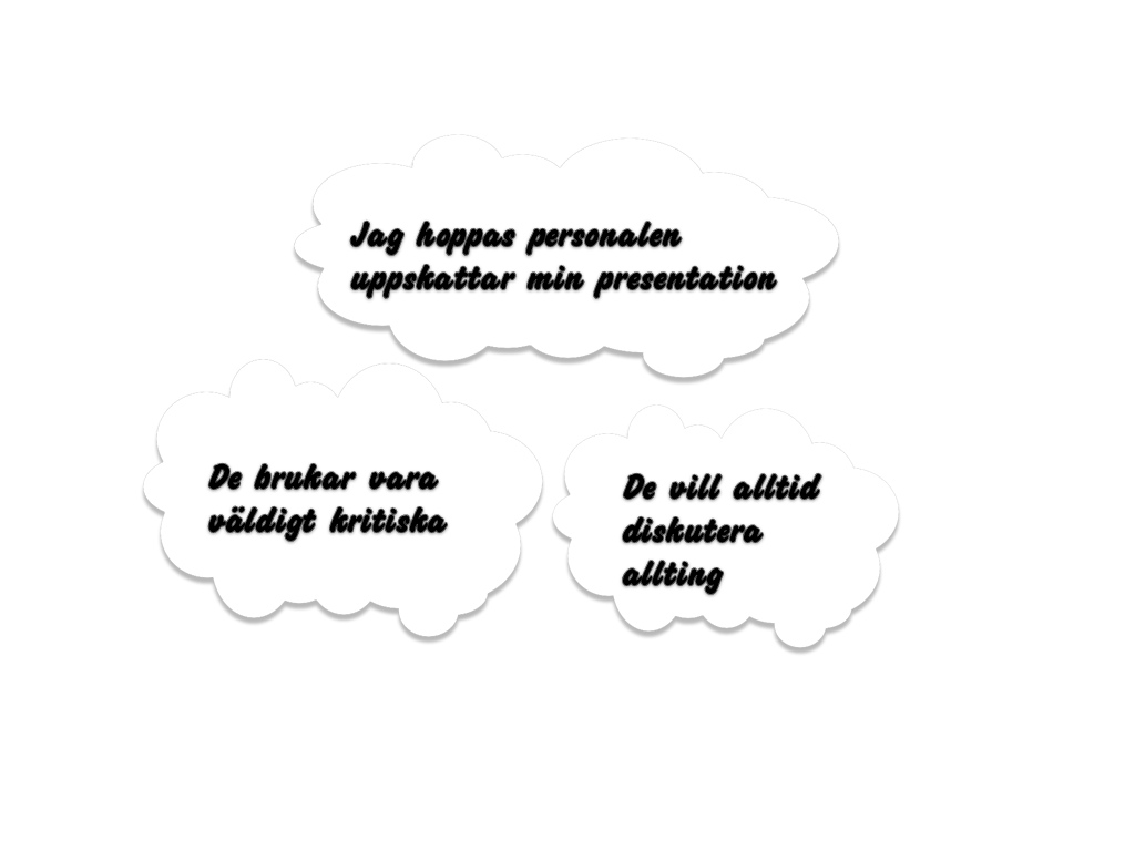 Tankar är svåra att styra och kanske ska du låta bli att ens försöka kontrollera dem. Låt dem leva sitt liv, så kan du leva ditt. Dina tankar är inte sanningar. Det är fullt möjligt att hålla en presentation samtidigt som du har tanken att det kommer att gå åt helvete.
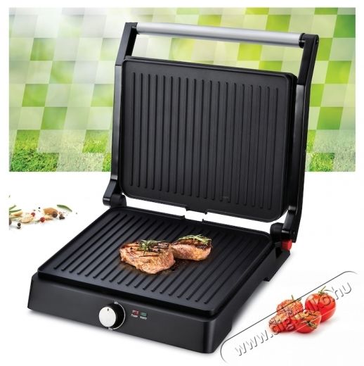 Heinner SunriseGrill HEPG-F2000BKSS Elektromos grill, Tapadásmentes, 180 nyitás, Állítható hőmérséklet, Fekete/Inox
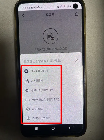 '로그인 인증방법'이 여러가지가 있는데요. 저는 '간편(민간) 인증서'를 선택하였습니다.
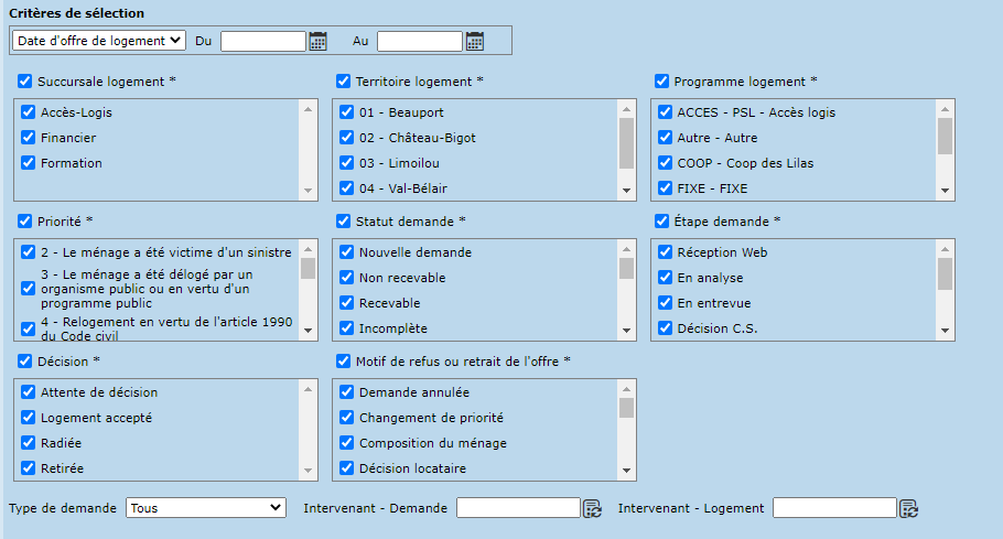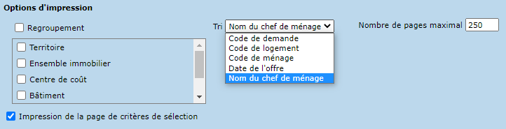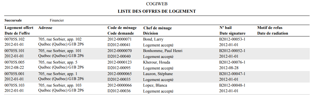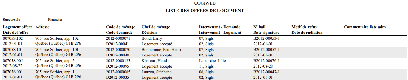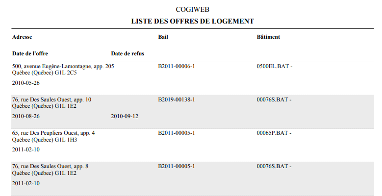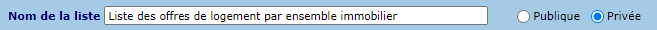 La liste des offres de logement permet d'imprimer ou exporter une liste d'offres de logement, selon différents critères de sélection. Par ailleurs, des listes personnalisées d'offres de logement peuvent être enregistrées.
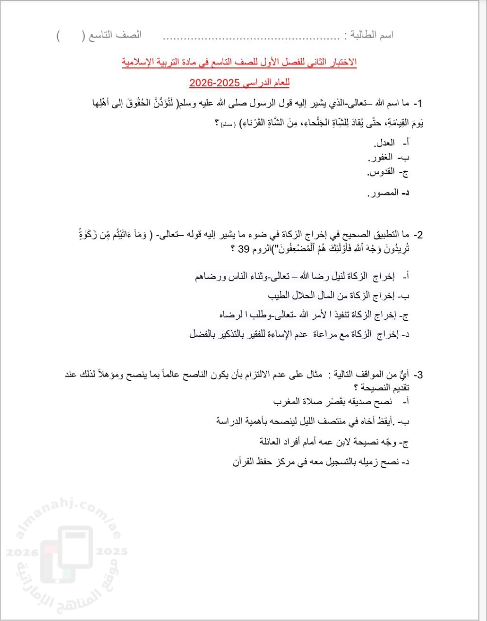 أنت هنا: موقع المناهج ⇦ المناهج الإماراتية ⇦ الصف التاسع ⇦ تربية اسلامية ⇦ الفصل الأول ⇦ اختبارات |
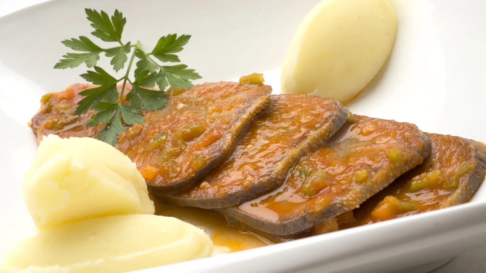 Elaboración de la receta Lengua en salsa de tomate con puré de patatas
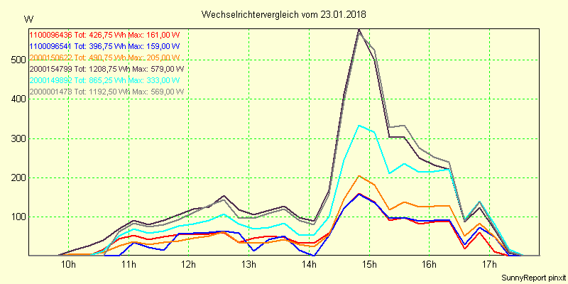 Wechselrichter-Vergleich Anlage 1 - Zedersdorf vom 23.01.2018
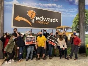Employees at Edwards Creative in Milan celebrate keeping it QC.
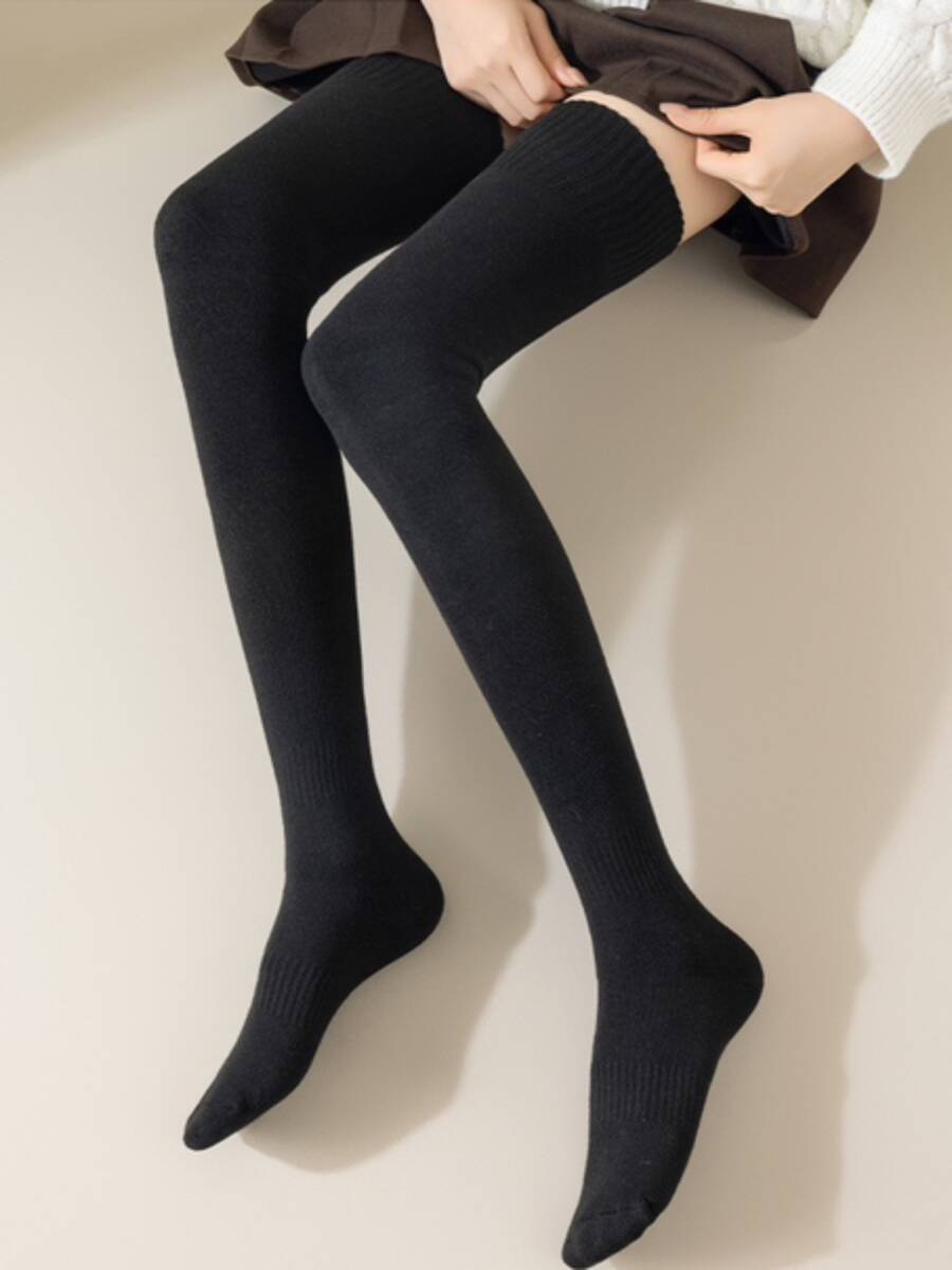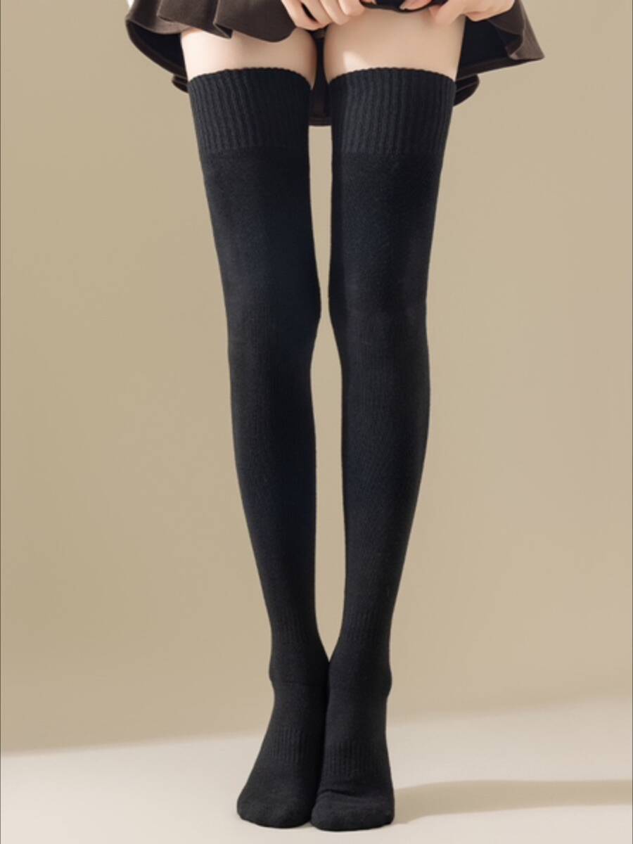 暖かな裏起毛パイル地のシンプルで使いやすいニーハイソックスです。
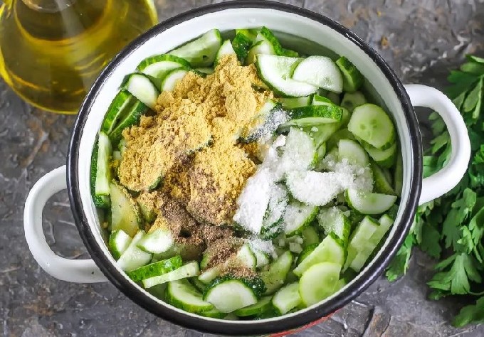 - Stapsgewijs recept voor komkommersalade met mosterd en kurkuma
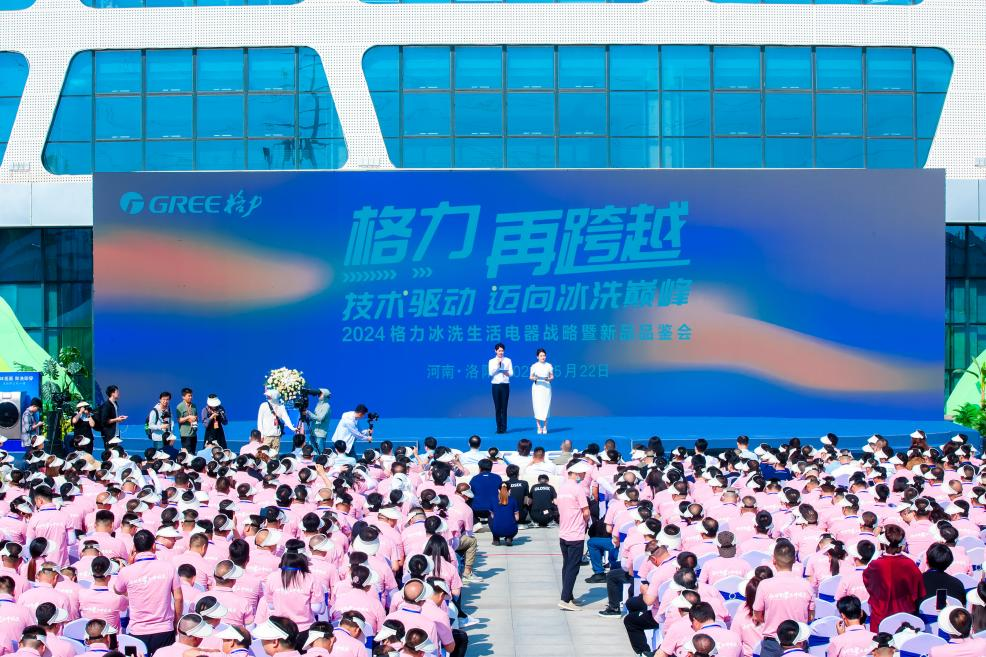 5月22日,以“格力再跨越,技術驅動,邁向冰洗巔峰”為主題的格力冰洗生活電器戰略暨新品品鑒會在河南洛陽隆重舉辦。洛陽市副市長牛剛、格力電器董事長兼總裁董明珠以及經銷商代表、消費者代表、媒體近1500余名嘉賓出席。

===

WHAT TO DO » Copy nothing outside the span: please output the lines from the one with "أنت هنا: موقع" through the end of the entries above, and skip the pictures.

RESULT OF THIS EXERCISE »
 أنت هنا: موقع المناهج ⇦ المناهج الإماراتية ⇦ الصف التاسع ⇦ تربية اسلامية ⇦ الفصل الأول ⇦ اختبارات |
 Elaboración de la receta Lengua en salsa de tomate con puré de patatas
 Wechselrichter-Vergleich Anlage 1 - Zedersdorf vom 23.01.2018
Employees at Edwards Creative in Milan celebrate keeping it QC.
 暖かな裏起毛パイル地のシンプルで使いやすいニーハイソックスです。
 - Stapsgewijs recept voor komkommersalade met mosterd en kurkuma
 5月22日,以“格力再跨越,技術驅動,邁向冰洗巔峰”為主題的格力冰洗生活電器戰略暨新品品鑒會在河南洛陽隆重舉辦。洛陽市副市長牛剛、格力電器董事長兼總裁董明珠以及經銷商代表、消費者代表、媒體近1500余名嘉賓出席。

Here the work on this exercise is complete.